SRE Smart Bot Requirements And Design
Purpose
Define a production-minded but demo-friendly "SRE Smart Bot" capability for Image Factory that can:
- watch cluster and application health continuously
- explain incidents in operator-friendly language
- propose or take bounded remediation actions
- notify and converse with operators over chat channels such as Telegram or WhatsApp
- use an AI agent runtime and MCP tools without giving up deterministic control over high-risk actions
This document is intentionally focused on a practical first version that fits the current Image Factory architecture and recent OKE operational failure modes.
Problem Statement
Recent cluster instability exposed several gaps:
- node
ephemeral-storagepressure built up before operators had useful early warning - Docker Hub fallback and image churn amplified recovery pain
- some remediation steps were repetitive and mechanical
- diagnosis required stitching together OCI, Kubernetes, and application state manually
- stale configuration persisted across infrastructure changes
We want an ops capability that behaves like a careful teammate:
- detects trouble early
- narrates what is happening
- recommends safe actions first
- can execute approved actions
- leaves an auditable trail
Naming
The product-facing name should be SRE Smart Bot.
For now, some internal code and document references may still use Robot SRE as a technical codename while the implementation is being rolled out.
Product Vision
SRE Smart Bot is not just a chatbot and not just a cleanup CronJob.
It is a hybrid system with two layers:
- Deterministic control plane
- watches defined signals
- evaluates explicit policies
- executes allowlisted remediation actions
- records evidence, decisions, cooldowns, and outcomes
- Conversational operator interface
- translates system state into concise incident updates
- answers operator questions
- asks for approval when actions cross risk thresholds
- uses chat channels and Image Factory admin surfaces as the human interface
The AI persona should improve usability and investigation speed.
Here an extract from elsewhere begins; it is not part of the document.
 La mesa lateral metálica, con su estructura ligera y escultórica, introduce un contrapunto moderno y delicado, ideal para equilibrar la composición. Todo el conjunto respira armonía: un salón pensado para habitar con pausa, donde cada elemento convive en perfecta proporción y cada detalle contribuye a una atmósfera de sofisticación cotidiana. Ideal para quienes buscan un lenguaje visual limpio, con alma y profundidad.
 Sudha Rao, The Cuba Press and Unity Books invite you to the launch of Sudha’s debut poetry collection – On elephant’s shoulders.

The deterministic policy layer should remain the source of truth for what the system is allowed to do.
Taxonomy Shape
The Robot SRE should organize incidents by operational domain first, then by incident type.
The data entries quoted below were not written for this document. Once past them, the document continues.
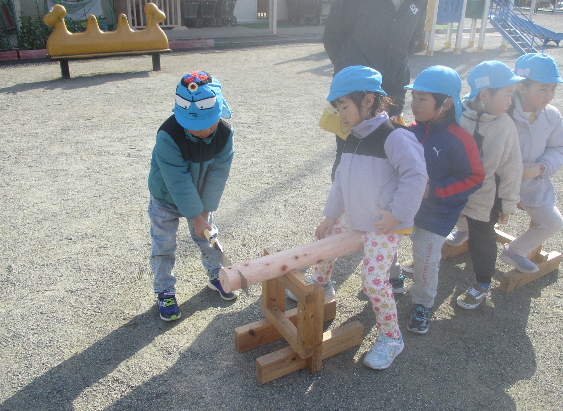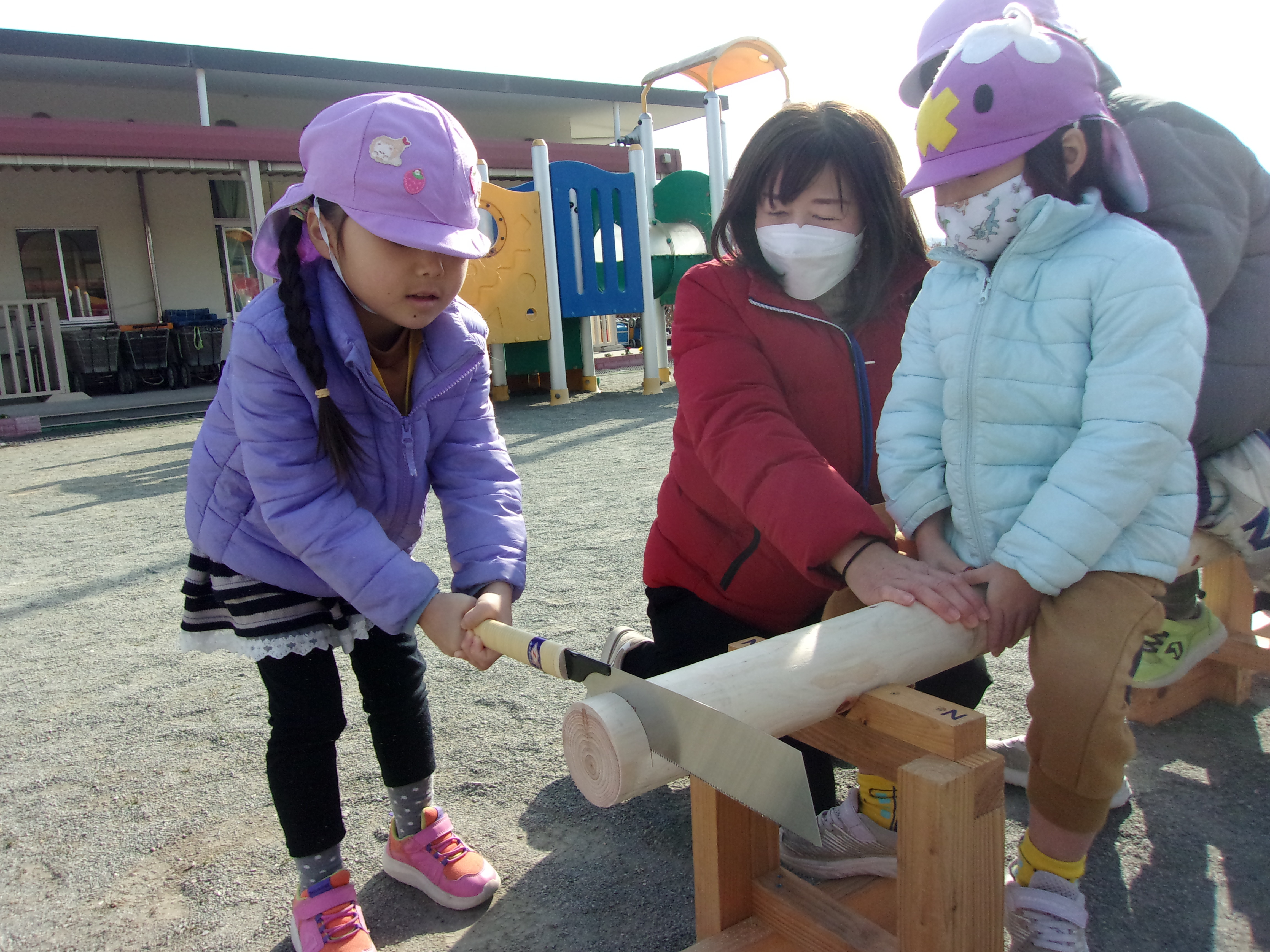 のこぎりでヒノキの丸太切りに挑戦しました☆切っている時はのこぎりをしっかり持って、みんな真剣!
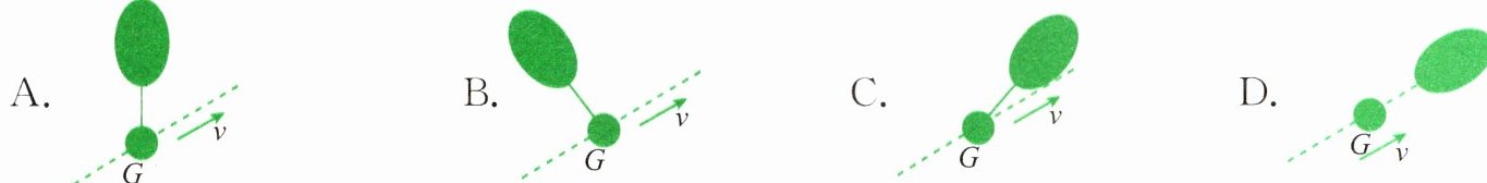 6. 一个氢气球下系一小重物,重物只在重力和绳的拉力作用下做匀速直线运动,不计空气阻力和风力的影响,重物匀速运动的方向如图中箭头所示的虚线方向,图中气球和重物 G 在运动中所处的位置正确的是 (
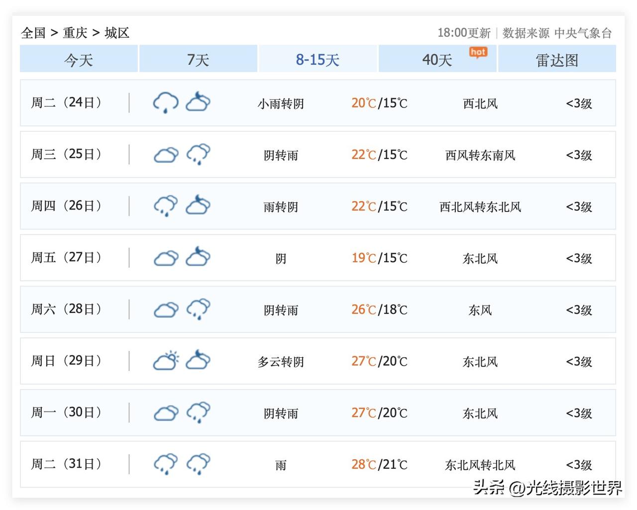 令人开心!3月20日到21日,这周末,重庆主城区,要出太阳啦!太棒了!3月20日,星期五,重庆阴转多云,气温13-19度……3月21日,星期六,重庆多云转小雨,气温15-22度…… 太棒了!中央气象台的最新重庆天气预报,太令人开心啦! 但是,大家一定要注意,一定要珍惜这难得的阳光! 因为,3月22日和23日,重庆可能再次迎来降雨…… 好吧,3月20日和21日,重庆主城区及周边,紫藤花和绣球花、杜鹃花是主流啦! 南山的杜鹃花…… 碧津公园,华岩寺以及璧山和江津的紫藤花……西南大学的紫藤花…… 平顶山公园的绣球花……川外小铁路的绣球花…… 贵州省毕节市的百里杜鹃花……都好美啊!
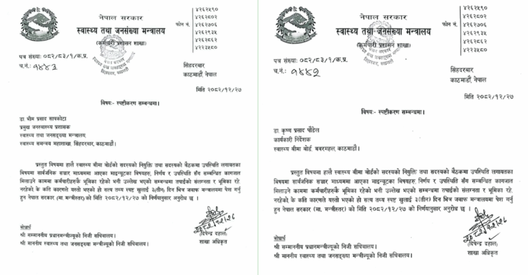 जनस्वास्थ्य प्रमुख र स्वास्थ्य बिमा बोर्डका निर्देशकलाई मन्त्रालयले सोध्यो स्पष्टीकरण
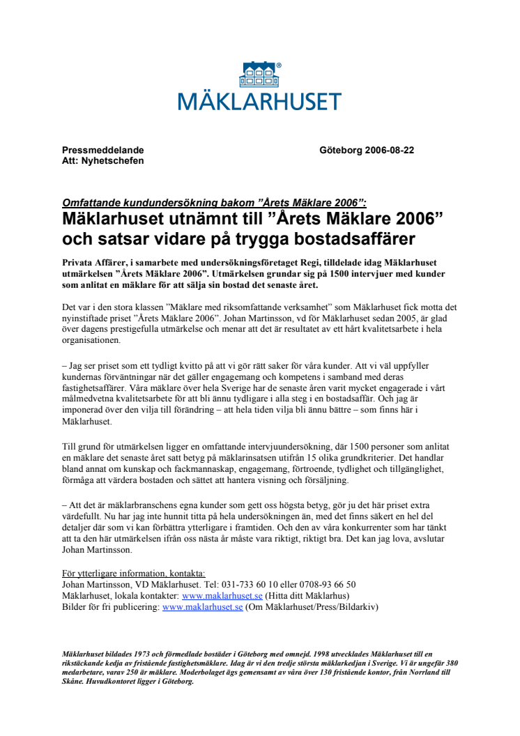 Privata Affärer, i samarbete med undersökningsföretaget Regi, tilldelade idag Mäklarhuset utmärkelsen ”Årets Mäklare 2006”. Utmärkelsen grundar sig på 1500 intervjuer med kunder som anlitat en mäklare för att sälja sin bostad det senaste året.
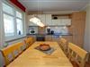Die harmonisch im Wohnbereich integrierte Küchenzeile ist ausgestattet mit einem Kühlschrank mit Gefrierfach, einem 4-Platten-Cerankochfeld, einem Backofen, einer Geschirrspülmaschine, einer Mikrowelle, Wasserkocher, Kaffeemaschine, Toaster und diversem Kleininventar, das die Küchenausstattung komplettiert.
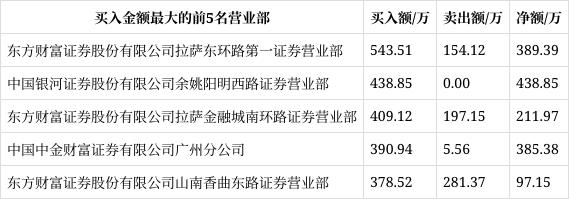 其中,东方财富证券股份有限公司拉萨东环路第一证券营业部、中国银河证券股份有限公司余姚阳明西路证券营业部、东方财富证券股份有限公司拉萨金融城南环路证券营业部分别买入543.51万元、438.85万元、409.12万元。
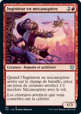 Quand l'Ingénieur en mécanoptère arrive sur le champ de bataille, créez un jeton de créature-artefact 1/1 incolore Mécanoptère avec le vol.
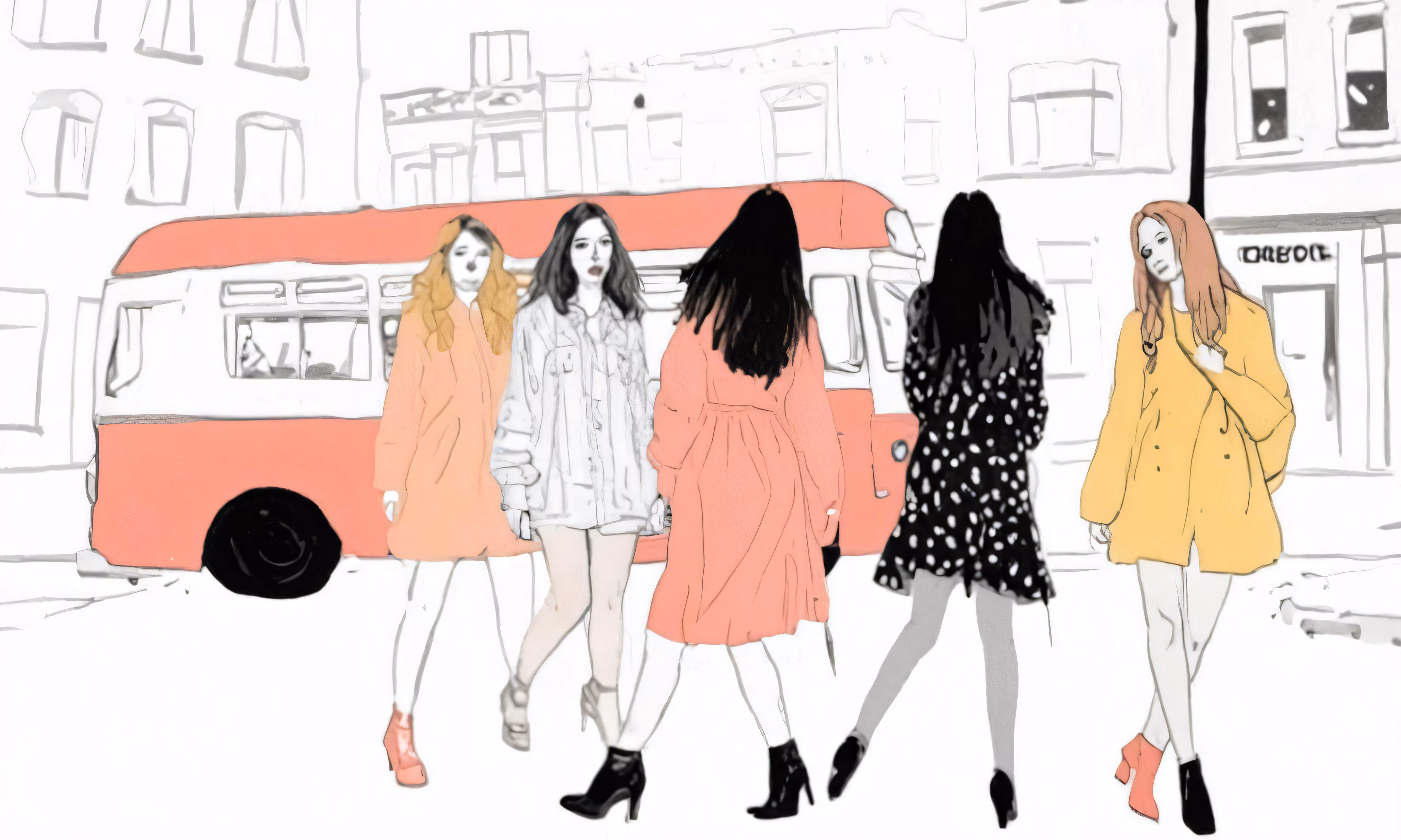 High resolution picture, free to use, three women walking past a red bus in the city

Recommended top-level domains:
- infrastructure
- runtime services
- application services
- network / ingress
- identity / security
- release / configuration
- operator channels
This gives us a cleaner way to expand beyond cluster-only issues and lets operators browse and reason about rules in a way that matches how they already think about incidents.
Goals
- Detect cluster, runtime dependency, and application degradation before it becomes customer-visible.
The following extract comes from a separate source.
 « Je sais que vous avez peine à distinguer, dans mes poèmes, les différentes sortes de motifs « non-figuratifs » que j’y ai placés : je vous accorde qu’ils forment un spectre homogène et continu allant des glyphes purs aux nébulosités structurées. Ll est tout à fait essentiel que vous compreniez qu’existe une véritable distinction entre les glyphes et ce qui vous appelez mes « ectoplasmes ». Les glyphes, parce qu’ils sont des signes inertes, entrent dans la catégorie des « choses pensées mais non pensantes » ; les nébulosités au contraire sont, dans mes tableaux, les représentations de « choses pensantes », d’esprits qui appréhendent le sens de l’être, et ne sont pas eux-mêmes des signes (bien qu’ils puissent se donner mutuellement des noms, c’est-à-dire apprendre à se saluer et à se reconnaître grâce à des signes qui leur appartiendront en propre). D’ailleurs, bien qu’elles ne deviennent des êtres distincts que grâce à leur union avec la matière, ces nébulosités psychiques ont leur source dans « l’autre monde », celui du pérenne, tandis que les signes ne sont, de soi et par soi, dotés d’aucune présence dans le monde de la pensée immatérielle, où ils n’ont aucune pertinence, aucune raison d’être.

- Create a single incident narrative from Kubernetes, OCI, and Image Factory runtime signals.
- Remediate a bounded set of known-safe failure classes automatically.
- Escalate safely for actions with non-obvious blast radius.
- Give operators a chat-first interface for incident follow-up, approvals, and status.
- Reuse existing Image Factory runtime health watcher patterns where possible.
- Keep the design compatible with OKE, Supabase, ingress-nginx, Tekton, and mirrored GitLab images.
Non-Goals
- Fully autonomous root access with unrestricted shell/tool execution.
- Generic "AI runs the cluster" behavior.
- Replacing Prometheus, Grafana, or normal alerting entirely.
- Performing destructive actions without policy, cooldowns, or approval.
- Solving every SRE use case in v1.
Key Design Principles
Modular System Boundaries
SRE Smart Bot should be implemented as a modular subsystem, not as a long chain of special cases inside server startup.
That means:
- startup code composes dependencies and launches workers
- signal adapters translate watcher output into normalized findings
- incident services manage correlation and lifecycle
- policy services decide whether actions are allowed
- channel adapters deliver notifications and approvals through provider contracts
This keeps the system testable, easier to extend, and less likely to turn main.go into an unmaintainable control tower.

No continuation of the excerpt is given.